Isso já deve tá acontecendo faz um tempo. Tô tentando lembrar quantas vezes nas últimas semanas fui parar num hospital ou numa farmácia com algum amigo. Não consegui. Pior que quanto mais eu reparo, mais eu vejo desgraças e problemas acontecerem. Minha vizinha. Meu porteiro. O cara da banca. A mulher do café na esquina. Meu irmão. A Marina. Puta que pariu. A Marina. “Meo, cê precisa parar de machucar as pessoas” e saiu. Foi essa a última coisa que a Marina me disse antes de sair da livraria no dia que a gente terminou. Sabe aquelas coisas que as pessoas te falam e você não dá importância? A Marina sempre foi uma pessoa especial. Na minha vida e na vida de quem vivia em volta da gente. Todo mundo que queria um conselho, uma ajuda, ou uma opinião, falava com ela. Marina tinha virado uma espécie de trampolim na vida das pessoas. Até a minha vida foi outra no tempo que a gente viveu junto. Na verdade, tudo sempre deu certo pra Marina, mesmo antes da gente se conhecer. Nessa noite eu não consegui dormir, de novo.

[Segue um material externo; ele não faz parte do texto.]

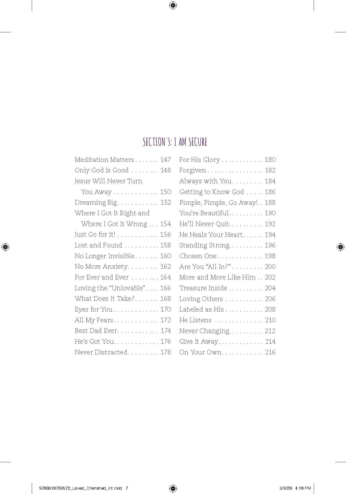 With a beautifully decorated cover, ribbon marker, and lovely page illustrations, this book of devotions will make the perfect gift for any girl in your life who deserves to know she is cherished, treasured, valuable, and worthy.
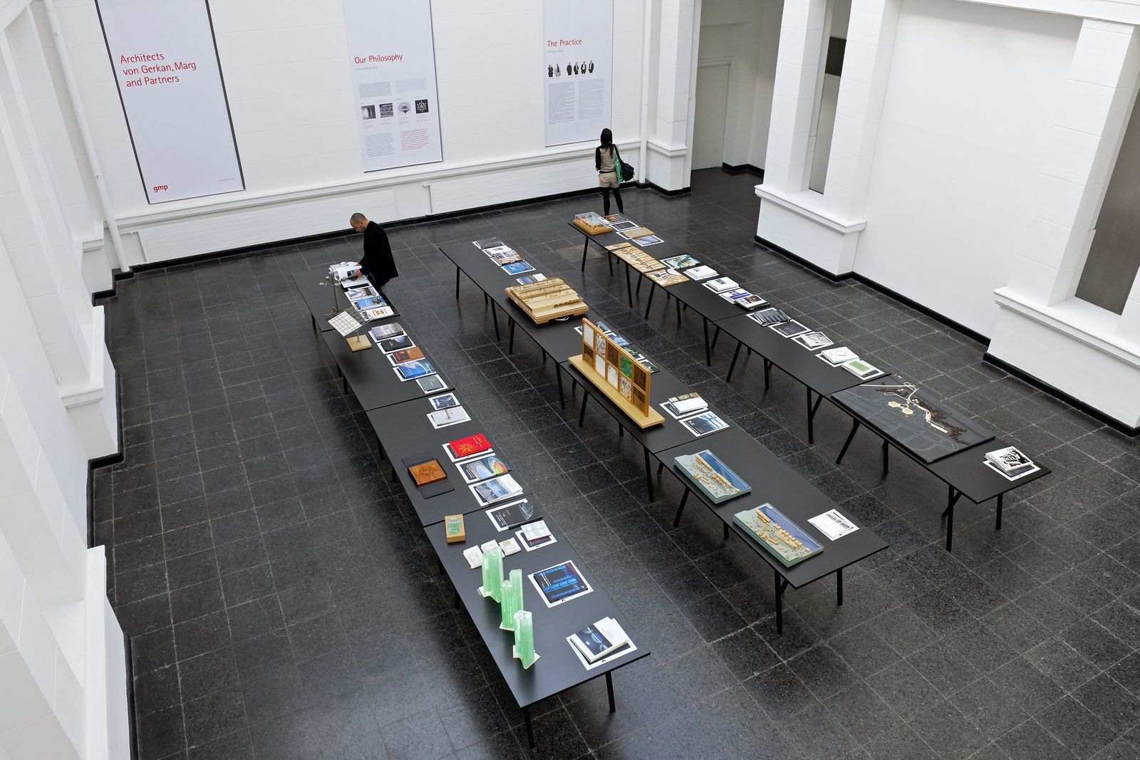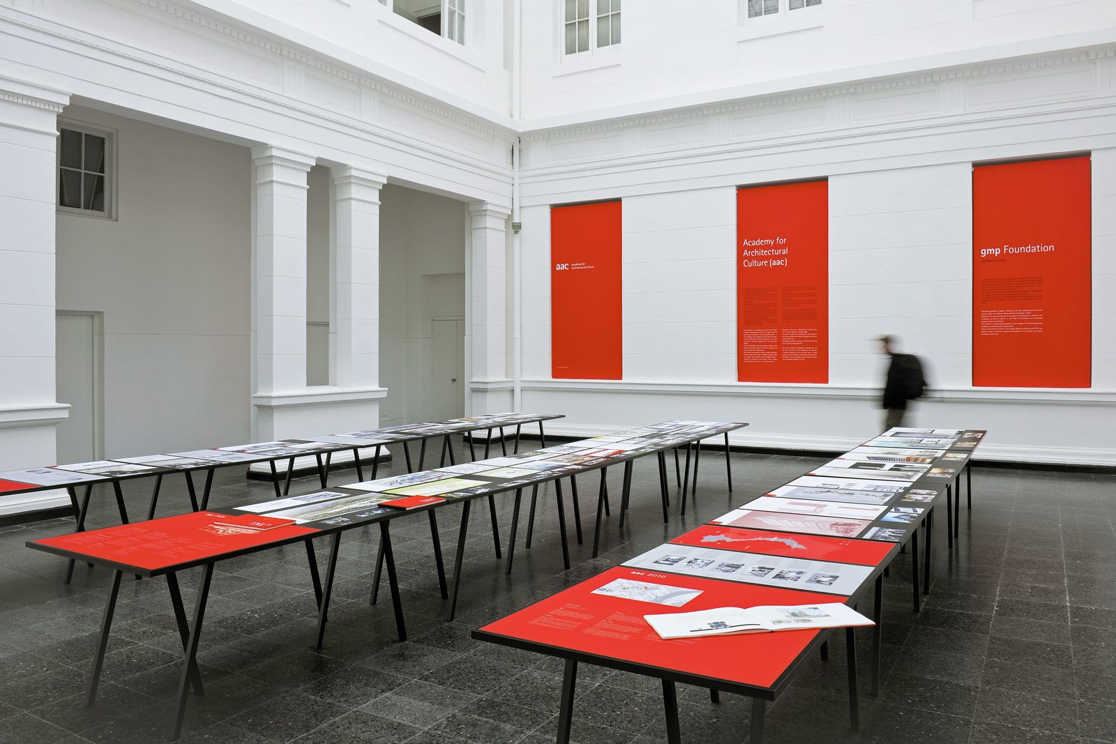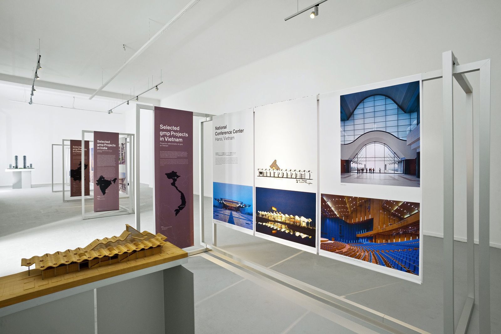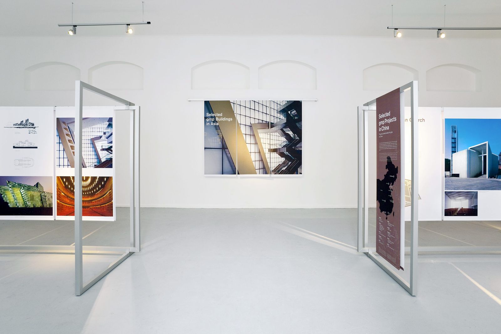 Auf über 1000 m² präsentiert das Architekturbüro nicht nur über 30 weltweit realisierte Projekte in bewegten und unbewegten Bildern sondern auch eine ausführliche Darstellung der Geschichte des Büros von Gerkan, Marg und Partner sowie der 2008 von gmp gegründeteten Architekturakademie "aac Academy for Architectural Culture".

“Meo, cê precisa parar de machucar as pessoas” foi a frase que ficou na minha cabeça durante dias. Eu gostava da Marina. Mas a gente foi deixando de se amar com o tempo. E com o tempo, minha vida foi virando uma merda. E a merda foi incomodando. E um belo dia a gente terminou com essa frase de trilha sonora. Bom, de lá pra cá as coisas só pioraram. Hoje, olhando esse monte de gente se machucando em volta de mim, vejo o quanto é difícil viver com essa responsabilidade. Cada dia, cada hora, alguém que eu gosto, conheço, convivo ou, simplesmente me relaciono, se machuca. Ora leve, ora grave. Ninguém sabe que a culpa é minha. Só eu e a Marina. Tem ficado cada dia mais difícil suportar isso. E eu sei que só me restam duas alternativas, suicídio ou voltar com ela. E de ambas as duas vou me arrepender.

O telefone toca pela décima quinta vez até cair na caixa postal. Quantas vezes um telefone toca em média até cair na caixa postal? As pessoas ainda usam caixa postal? Eu odeio quando deixam recado pra mim. "Marina? É o Fran. Será que a gente podia..." foi a única coisa que deu tempo de gravar. Pensei demais antes de falar alguma coisa. Dois dias. Foi o tempo que passou até eu receber uma mensagem. Marcamos um café. Precisava conversar. Marina sabia de tudo que eu tinha pra dizer. De cada problema. De cada detalhe. De cada decisão. Marina não gosta mais de mim também. E mesmo assim, decidimos voltar. Foi uma decisão muito triste e amarga. Mas não era pelo nosso bem. Era pelo bem de todo mundo que cercava nossas vidas. Era pelo bem de amigos, conhecidos e familiares. Nessa noite, ninguém mais se machucou. Além da gente.